[Data entries]
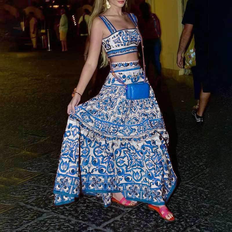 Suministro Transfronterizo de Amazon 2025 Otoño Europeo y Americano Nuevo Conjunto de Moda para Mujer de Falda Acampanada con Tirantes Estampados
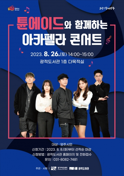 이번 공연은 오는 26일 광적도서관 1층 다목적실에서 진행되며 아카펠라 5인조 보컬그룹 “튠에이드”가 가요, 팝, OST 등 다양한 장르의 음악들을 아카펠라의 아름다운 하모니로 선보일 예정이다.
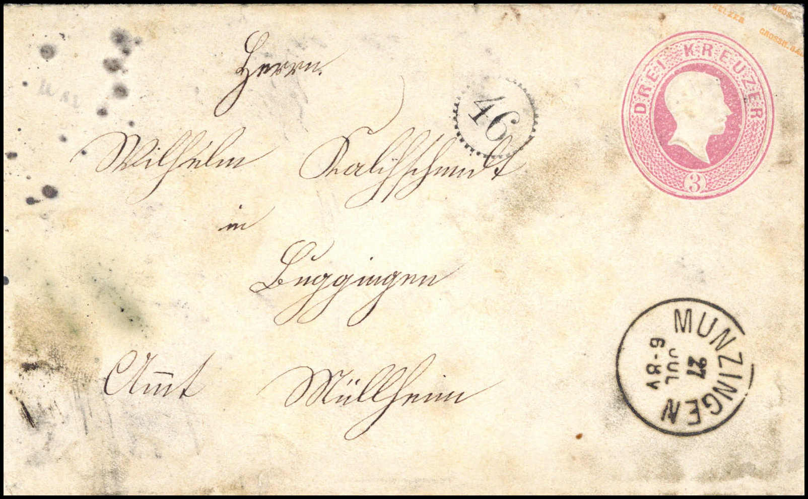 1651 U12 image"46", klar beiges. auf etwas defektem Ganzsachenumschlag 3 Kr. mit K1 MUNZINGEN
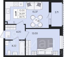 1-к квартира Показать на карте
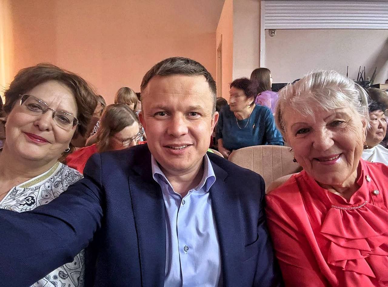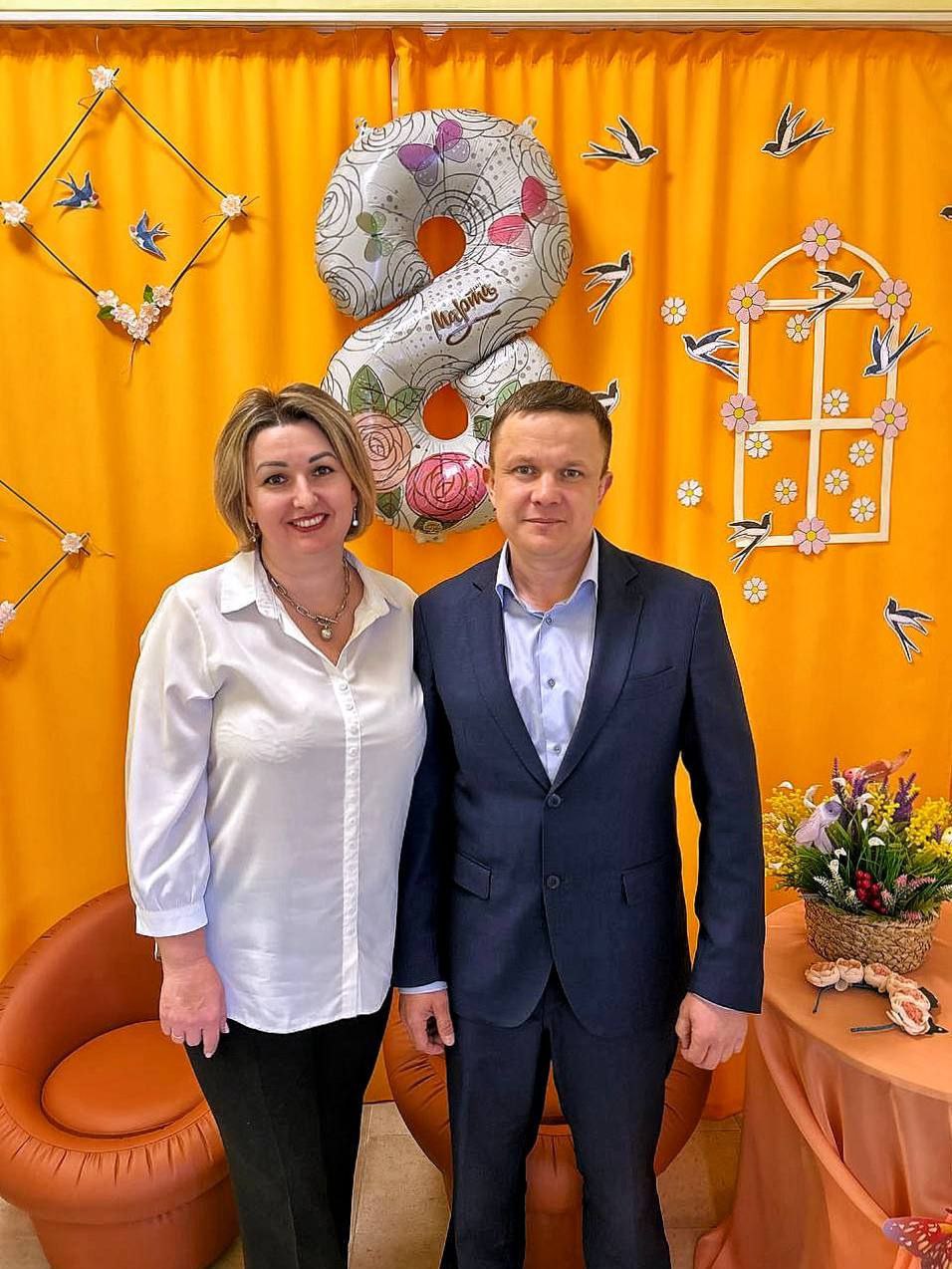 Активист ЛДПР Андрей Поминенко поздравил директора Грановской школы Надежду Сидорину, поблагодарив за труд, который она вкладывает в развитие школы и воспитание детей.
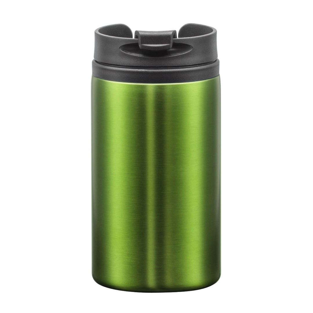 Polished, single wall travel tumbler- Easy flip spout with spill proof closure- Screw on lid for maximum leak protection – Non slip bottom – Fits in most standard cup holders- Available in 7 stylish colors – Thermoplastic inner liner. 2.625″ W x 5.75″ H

## YOUR TASK
Take the line containing "1-к квартира Показать на карте" and every line after it through the end of the data, and write them out exactly, with no pictures.

## OUTPUT FOR THIS EXERCISE
 1-к квартира Показать на карте
 Активист ЛДПР Андрей Поминенко поздравил директора Грановской школы Надежду Сидорину, поблагодарив за труд, который она вкладывает в развитие школы и воспитание детей.
 Polished, single wall travel tumbler- Easy flip spout with spill proof closure- Screw on lid for maximum leak protection – Non slip bottom – Fits in most standard cup holders- Available in 7 stylish colors – Thermoplastic inner liner. 2.625″ W x 5.75″ H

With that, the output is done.